The Oracle Stream Analytics application provides the middle-tier logic for a client-side mobile application that is designed to offer purchase incentives to top buyers. It works in the following way:

Retailers arrange with the mobile application vendor to provide purchase data as part of a program to offer incentives to top buyers. The data, regularly refreshed from store sales data, is stored in a Hadoop system and a MapReduce function is used to identify top buyers.
The mobile application vendor provides the application for download, noting which retailers support the program.
App users each create a user ID that is correlated by the app vendor to data about customers from the retailers.
The mobile application is designed to send location data to the Oracle Stream Analytics application, along with the user ID. This information -- location coordinates and user ID -- forms the event data received by the Oracle Stream Analytics application.
As the Oracle Stream Analytics application receives event data from the mobile application, it uses Oracle CQL queries to:
- Determine whether the user is near a store from a participating retailer.
- Establish (from Hadoop-based data) whether the user is a top buyer for the retailer.
- Locate purchase information related to that user as a buyer from that retailer.
- If the user is a top buyer, the application correlates products previously purchased with incentives currently being offered to buyers of those products.
The Oracle Stream Analytics application pushes an incentive announcement to the user.
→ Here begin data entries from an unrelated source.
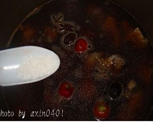 加半勺食盐,盖上高压锅的盖,大火煮十分钟,关火, 待到高压锅自然放冷,气栓掉下时开盖,
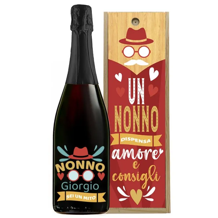 Prosecco Extra Dry - 0,75 lt. con cassetta in legno - Originale idea regalo con dedica personalizzata per festa dei nonni. Aggiungi il tuo messaggio in etichetta e stupisci il tuo amato nonno.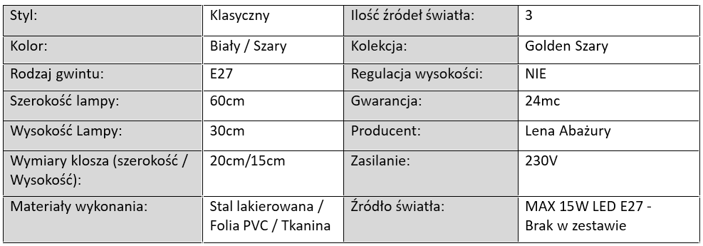 Lampy wiszące, sufitowe, podłogowe, kinkiety i lampki stołowe Golden Szary dostępne są w wersjach jednopunktowych, dwupunktowych oraz trzypunktowych, co pozwala dopasować je do każdego wnętrza – od niewielkich sypialni po przestronne salony. Każdy model został wyposażony w klasyczne gwinty E27, dzięki czemu z łatwością wybierzesz żarówki LED o odpowiedniej mocy i temperaturze barwowej.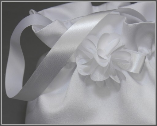 Rękawiczki komunijne i torebka satynowa w kształcie woreczka z usztywnianą wkładką pomagającą w zachowaniu kształtu woreczka nawet po obciążeniu. Woreczek został uszyty z satyny ślubnej pierwszego gatunku. Ozdobiony satynowym kwiatkiem 3d i satynową tasiemką klasy premium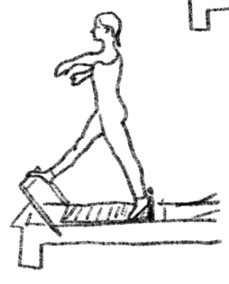 【起始位】[Russian]站立位,一脚踩脚棒,一脚踩滑板边缘,身体前倾,手扶脚棒。[Front]维持骨盆水平,吐气时向后推滑板,拉伸后腿髂腰肌和前腿腘绳肌;吸气拉回。[Lunge]吐气时弯曲后膝,吸气回正。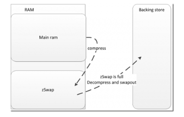 zSwap是在memory与flash之间的一层“cache”,当内存需要swap出去磁盘的时候,先通过压缩放到zSwap中去,zSwap空间按需增长。达到一定程度后则会按照LRU的顺序(前提是使用的内存分配方法需要支持LRU)将就最旧的page解压写入磁盘swap device,之后将当前的page压缩写入zSwap。

5.2.1.2 Data Cartridge Name

The Oracle Stream Analytics Hadoop cartridge uses the cartridge ID com.oracle.cep.cartridge.hadoop.

5.2.2 Using Hadoop Data Sources in Oracle CQL

You use the Hadoop support included with Oracle Stream Analytics by integrating a file in an existing Hadoop system into an event processing network. With the file integrated, you have access to data in the file from Oracle CQL code.

This section describes the following:

5.2.2.1 Configuring Integration of Oracle Stream Analytics and Hadoop

In order to use Hadoop from Oracle Stream Analytics, you must first make configuration changes on both the Oracle Stream Analytics and Hadoop servers:

On the Oracle Stream Analytics server, add the following Hadoop configuration files at the server's bootclasspath: core-site.xml, hdfs.xml, and mapred.xml.
To the Hadoop server, copy the Pig JAR file to the lib directory and include it as part of the HADOOP_CLASSPATH defined in the hadoop-env.sh file.

Note:

A connection with a Hadoop data source through the cartridge might require many input/output operations, such that undeploying the application can time out or generate errors that prevent the application from being deployed again. Before undeploying an application that uses a Hadoop cartridge, be sure to discontinue event flow into the application.

5.2.2.2 Integrating a File from a Hadoop System Into an EPN

Integrating a file from an existing Hadoop system is similar to the way you might integrate a table from an existing relational database. For a Hadoop file, you use the file XML element from the Oracle Stream Analytics schema specifically added for Hadoop support.

The file element is from the http://www.oracle.com/ns/ocep/hadoop namespace. So your EPN assembly file needs to reference that namespace. The file element includes the following attributes:

id -- Uniquely identifies the file in the EPN. You will use this attribute's value to reference the data source in a processor.
event-type -- A reference to the event-type to which data from the file should be bound. The event-type must be defined in the EPN.
path -- The path to the file in the Hadoop file system.
separator -- Optional. The character delimiter to use when parsing the lines in the Hadoop file into separate fields. The default delimiter is the comma (',') character.
operation-timeout -- Optional. The maximum amount of time, in milliseconds, to wait for the operation to complete.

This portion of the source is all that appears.